There has been no hesitation, though, by Reid in deciding to return to his ballyhooed starter for the franchise's latest make-or-break game. Hopefully, for Reid and the Eagles, there will be at least a nanosecond of hesitation by McNabb if he attempts to emulate Vick's every move. Or tries to one-up his opponent because, after all, that's what the quarterback position is about.
There is bound to be some residual effect from eight weeks off. At some point early in the game, McNabb will overthrow an open receiver, make a poor read, try to get outside the pocket and find his legs simply won't carry him with the same alacrity they once did.
Throughout the week, McNabb has been coy but calculating in responding to questions about his condition. He insisted early this week, and somewhat testily, that he is "not limited" in what he can do on the field. Later in the week, there were good-natured hints that anyone who doubts his movement skills or ability to maneuver into and out of harm's way might be surprised.
"But I know," said McNabb, who at the time of his injury actually had more rushing yards than did Vick, "everyone sees this as some big test."
The test won't be delayed, at least not if Falcons defensive coordinator Wade Phillips and his charges have their way, it seems. All week long, the Falcons have broadly suggested they will challenge McNabb on his opening series, attack the pocket and force him to reveal his physical worthiness.
"We'll find out fast just what he can and can't do," said defensive tackle Ellis Johnson. "We're going to know after that first series, believe me. If he is (less than 100 percent), we'll keep coming after him. If he's back to being the old Donovan McNabb, then maybe we'll have to adjust accordingly. But everyone is going to know pretty fast which one of those it is, man."

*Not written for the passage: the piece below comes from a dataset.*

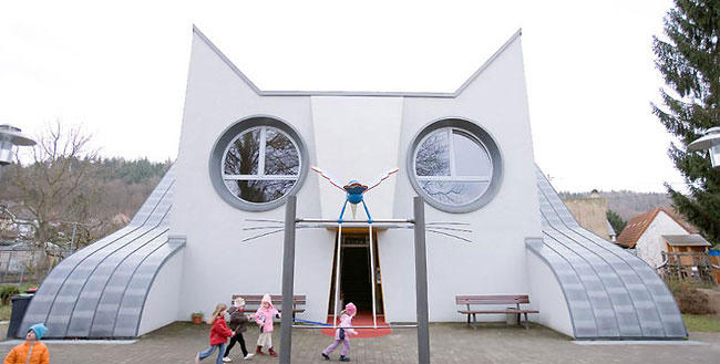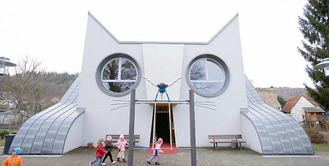 Trường mẫu giáo Dee Katze ở Pháp với các lớp học có hình dạng như những chú mèo. |

The conventional wisdom is that the league will see a McNabb who falls somewhere in between those polar standards. The conventional wisdom also is that, at some point in the game, McNabb will test himself and see if he is, indeed, up to Vick's warp-speed movements. In such a case, the Eagles are counting on McNabb to exercise good judgement and judiciousness.
"He doesn't have to be like Mike," said tailback Duce Staley. "His motto ought to be just, 'Be like Donovan.' That's plenty good enough."
Len Pasquarelli is a senior writer for ESPN.com.